Tata Trusts has been hit by internal tensions over the appointment of a nominee director to the Tata Sons board, underscoring a larger debate on how the charitable bodies should exercise influence over India's largest diversified business group, valued at over Rs 27 lakh crore, The Economic Times reported.
The disagreement traces back to an October 2024 resolution passed after Noel Tata became chair of the Trusts following Ratan Tata's death. The resolution required that Trusts-nominated directors on Tata Sons' board seek annual renewal of their positions once they turned 75.
This provision applied to Vijay Singh, 77, a former defence secretary who has been a nominee director since 2013 and a trustee since 2018. At a meeting on Thursday, four trustees - Mehli Mistry, Pramit Jhaveri, Jehangir Jehangir and Darius Khambata - opposed Singh's reappointment, according to people familiar with the matter.
Singh, whose position was under review, did not attend the discussion and subsequently resigned from the Tata Sons board. The group that opposed Singh's return proposed appointing Mehli Mistry in his place. However, Noel Tata and Venu Srinivasan objected, arguing that the process needed to adhere to established governance standards aligned with Tata traditions and the stature of the Trusts.
Sources cited by The Economic Times described the move as an effort by some trustees to consolidate authority within Tata Trusts and, by extension, Tata Sons. They added that any such decision requires consensus, and criticised the approach as inconsistent with the organisation's values. For now, Tata Sons will continue with two nominees from the Trusts until a resolution is reached.
According to the report, one option under consideration is hiring an external search firm to recommend candidates for the vacant position, with trustees free to include themselves in the process.
The nominee issue has also brought to the surface longer-standing concerns about how information from Tata Sons' board is shared with trustees who are not directors.
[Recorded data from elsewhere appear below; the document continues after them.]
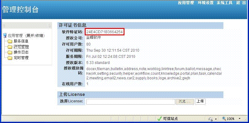 1、安装“金蝶协同办公管理软件”产品后,进入管理控制台,点击“许可管理”菜单,在许可证书信息页面中,就可以看到软件特征码信息,请拷贝软件特征码。如下图所示:
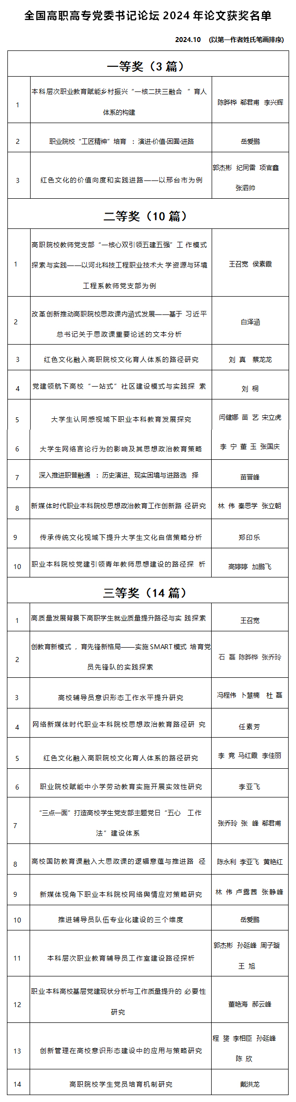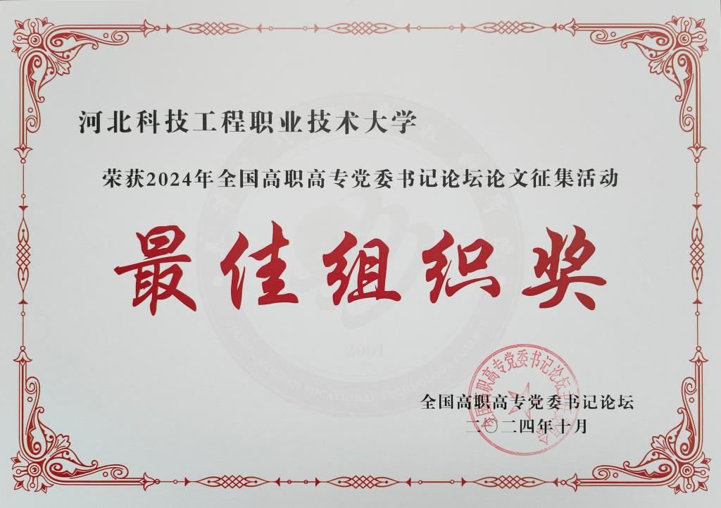 10月25日-27日,全国高职高专党委书记论坛2024年会在天津举办。会上通报了本年度学术论文评审情况,并对22个最佳组织奖院校进行了表彰。今年6月至8月,全国高职高专党委书记论坛举办了2024年论文征集活动,共收到论文768篇,最终评选出一等奖论文81篇,二等奖论文151篇,三等奖论文248篇。365官网27篇论文获奖,论文质量和获奖数量均居全国高职院校前列,荣获最佳组织奖,这是365官网连续第六年获此殊荣。
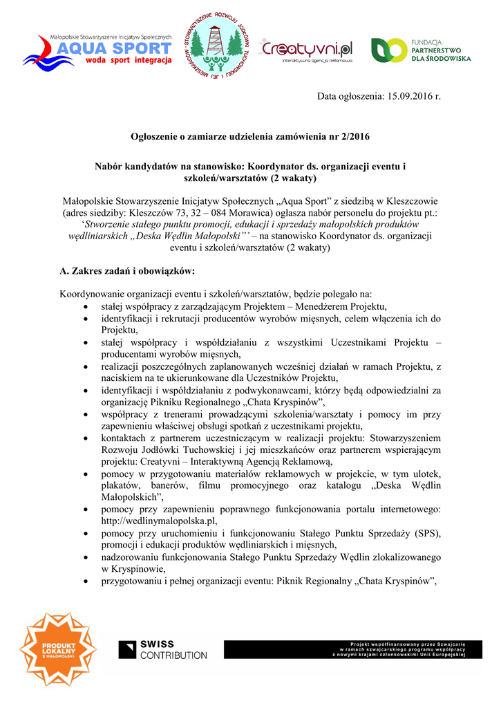 Data ogłoszenia: 15.09.2016 r. Ogłoszenie o zamiarze udzielenia zamówienia nr 2/2016 Nabór kandydatów na stanowisko: Koordynator ds. organizacji eventu i szkoleń/warsztatów (2 wakaty) Małopolskie Stowarzyszenie Inicjatyw Społecznych „Aqua Sport” z siedzibą w Kleszczowie (adres siedziby: Kleszczów 73, 32 – 084 Morawica) ogłasza nabór personelu do projektu pt.: ‘Stworzenie stałego punktu promocji, edukacji i sprzedaży małopolskich produktów wędliniarskich „Deska Wędlin Małopolski”’ – na stanowisko Koordynator ds. organizacji eventu i szkoleń/warsztatów (2 wakaty) A. Zakres zadań i obowiązków: Koordynowanie organizacji eventu i szkoleń/warsztatów, będzie polegało na: • stałej współpracy z zarządzającym Projektem – Menedżerem Projektu, • identyfikacji i rekrutacji producentów wyrobów mięsnych, celem włączenia ich do Projektu, • stałej współpracy i współdziałaniu z wszystkimi Uczestnikami Projektu – producentami wyrobów mięsnych, • realizacji poszczególnych zaplanowanych wcześniej działań w ramach Projektu, z naciskiem na te ukierunkowane dla Uczestników Projektu, • identyfikacji i współdziałaniu z podwykonawcami, którzy będą odpowiedzialni za organizację Pikniku Regionalnego „Chata Kryspinów”, • współpracy z trenerami prowadzącymi szkolenia/warsztaty i pomocy im przy zapewnieniu właściwej obsługi spotkań z uczestnikami projektu, • kontaktach z partnerem uczestniczącym w realizacji projektu: Stowarzyszeniem Rozwoju Jodłówki Tuchowskiej i jej mieszkańców oraz partnerem wspierającym projektu: Creatyvni – Interaktywną Agencją Reklamową, • pomocy w przygotowaniu materiałów reklamowych w projekcie, w tym ulotek, plakatów, banerów, filmu promocyjnego oraz katalogu „Deska Wędlin Małopolskich”, • pomocy przy zapewnieniu poprawnego funkcjonowania portalu internetowego: http://wedlinymalopolska.pl, • pomocy przy uruchomieniu i funkcjonowaniu Stałego Punktu Sprzedaży (SPS), promocji i edukacji produktów wędliniarskich i mięsnych, • nadzorowaniu funkcjonowania Stałego Punktu Sprzedaży Wędlin zlokalizowanego w Kryspinowie, • przygotowaniu i pełnej organizacji eventu: Piknik Regionalny „Chata Kryspinów”, • • • współpracy przy promocji i reklamie Projektu oraz Pikniku, pomocy przy wypracowaniu i zastosowaniu procedury certyfikacyjnej dla produktów regionalnych: Certyfikat „Deska Wędlin Małopolskich” (nazwa certyfikatu może ulec zmianie w toku prowadzonych obecnie ustaleń) oraz później w kontaktach z Uczestnikami Projektu, którzy będą chcieć go zdobyć, uczestnictwie w cyklicznych spotkaniach członków zespołu projektowego w celu omówienia zrealizowanych już działań, dyskusji nad pojawiającymi się problemami i próbie ich rozwiązywania oraz ustalenia planu działań na dalszą część trwania Projektu. B. Warunki: 1. Oczekujemy zgłoszeń od osób z doświadczeniem, wiedzą, umiejętnościami oraz o odpowiednich predyspozycjach, które pozwolą na sprawne i skuteczne realizowanie opisanych powyżej zadań. 2. Wymagane jest doświadczenie lub biegłość w pracach biurowo-administracyjnych (pisma, notatki, projekty umów etc.), znajomość pakietu MS Office oraz narzędzi społecznościowych (konieczna biegłość w posługiwaniu się edytorem tekstu i arkuszem kalkulacyjnym). 3. Samodzielność oraz umiejętność pracy w zespole. C. Warunki szczegółowe umowy: Umowa do końca października 2016 r. Zadaniowość, zatrudnienie na podstawie umowy zlecenia. D. Zainteresowane osoby prosimy o złożenie lub przesłanie CV oraz ewentualnie dodatkowych załączników potwierdzających kwalifikacje, doświadczenie i inne atuty kandydatki lub kandydata do dnia 23 września, do godziny 16.00, na dres mailowy: [email protected] z dopiskiem: ”Dotyczy naboru na stanowisko Koordynator ds. organizacji eventu i szkoleń/warsztatów”.
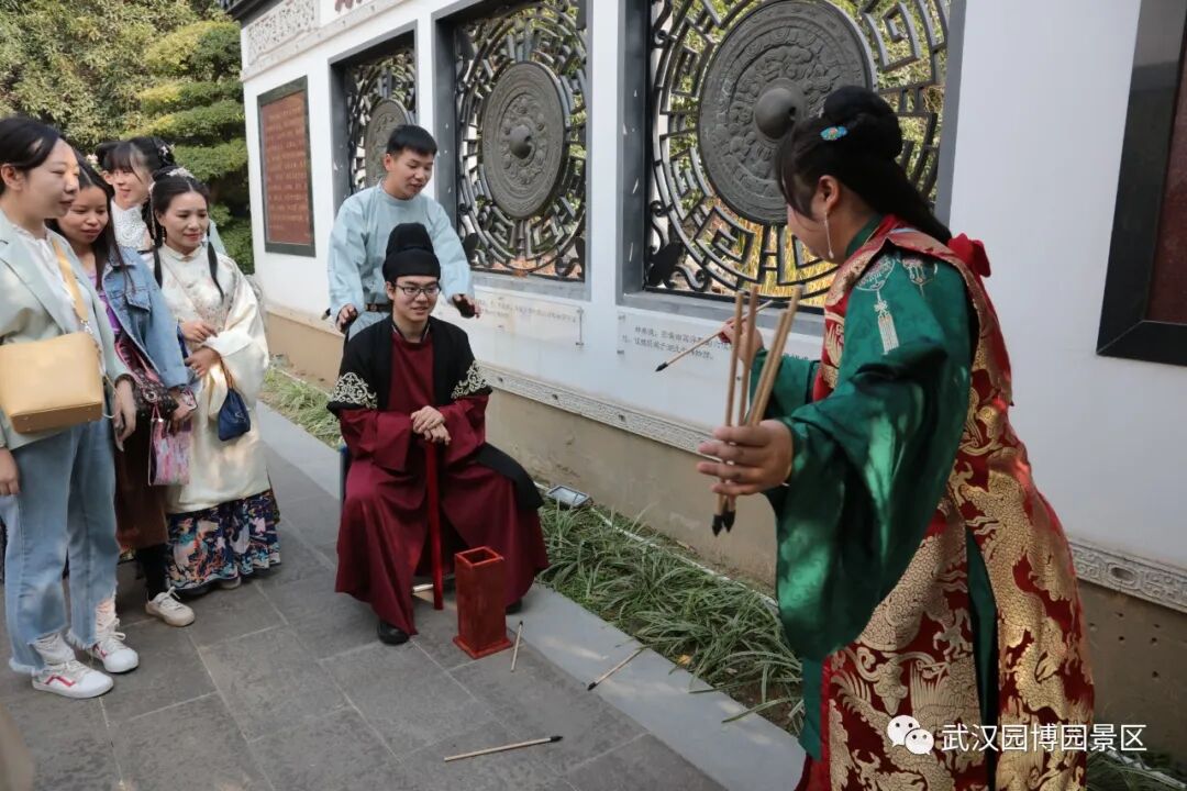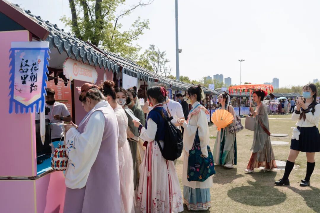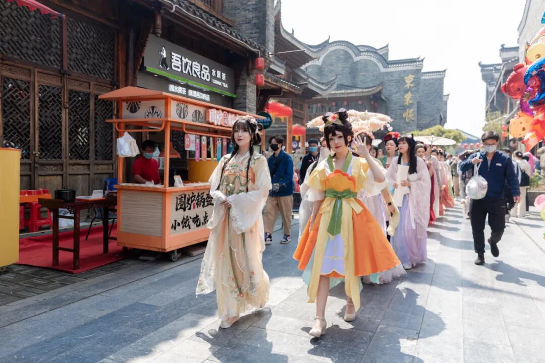 在这里,你能看到花神们演绎“胡旋舞”“剑舞”“纸扇书生”等节目,还能参与“投壶”“上上签”多个游园互动,为花朝踏青之旅增添韵味。
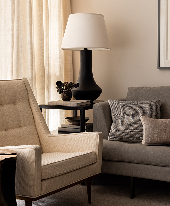 With a subdued, quiet interior envelope provided by the developers, OreStudios selected fixtures and furnishings to compliment the newly constructed space. A new custom office was also designed and realized with Kerf Design. Chalky linens, beige and taupe carpets and gray wool upholstery create an inviting palette that references the city and sound outside the floor to ceiling windows. Generous curtains and plenty of warm wood finishes prevent the space from feeling sterile or cold. Works from local artists including Paul Horiuchi and Morris Graves add to the distinctly regional perspective of this home.

Some believe updates are inadequate, while those on the board argue that fiduciary duties and regulatory norms limit what can be disclosed, given that several Tata Sons subsidiaries are publicly listed.
Another related concern is whether nominee directors should draw board fees from Tata Sons while representing the Trusts' oversight interests. Beyond Singh's vacancy, Tata Sons also needs to fill positions left open by Ralph Speth, Ajay Piramal and Leo Puri, the newspaper added.